Fabian pointed out that beyond the hostage crisis and the evacuation challenge, the government would need to evolve approaches for the medium and long term, too, in relation to Iraq. In his view, the trouble-torn country is witnessing a tumultuous movement towards disintegration. “The Iraq that we know could soon become three entities, which I would now call Kurdistan, Shiastan and Sunnistan. While Kurdistan and Shiastan could settle into relatively stable political dispensations given the play of factors involving them, Sunnistan could be a geographical and political entity with sustained turbulence. All this will impact Indian interests in the region. The government needs to start addressing these prospective issues too right away,” Fabian said.

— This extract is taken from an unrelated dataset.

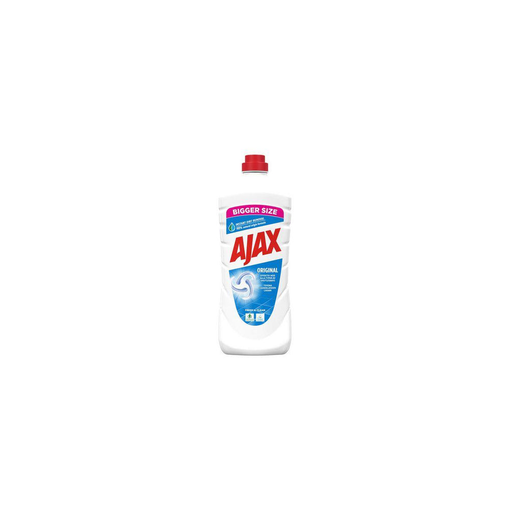 Effektiv rengöring för hemmets alla ytor som efterlämnar en mild och fräsch doft. Rengör på djupet och gör ytorna skinande rena, för daglig rengöring på alla vattentåliga ytor. Ajax Original är effektivt på alla ytor, inklusive kök, badrum, golv och mycket mer Dosering: Normalt smutsade golv: Häll 1 kapsyl i en hink med 8L vatten. Hårt smutsade golv: Häll 4 kapsyler i en hink med 8L vatten. Ingen eftersköljning behövs. Svåra fläckar: Häll några få droppar på en svamp och skrubba försiktigt. Eftertorka med en fuktig trasa. Blanda ut produkten med vatten innan den används på ytor av marmor, aluminium, kalksten, porslin och lackat trä. - pH-värde: 10,6-11,4 - Lukt: parfymerad - Utseende: vit vätska - EU Ecolabel: licensnummer DK/020/013

Another major result of the current situation will have to do with India’s oil requirements. The militants have taken over the biggest oil refinery in Iraq, and this is bound to have global implications for oil prices and supply. This has grave implications for India. As the economist C.P. Chandrasekhar points out in an article elsewhere in this magazine, the implications for India are all the more serious because of the unsustainable current account deficit and inflation. The projections in concrete terms are that this is bound to impact India’s overall trade situation as well as gross domestic product. Clearly, this is one more compelling reason to get out of the cosmetic and vague approaches that have characterised the handling of the Iraq situation and move on to a rounded, comprehensive approach with clear targets and action plans.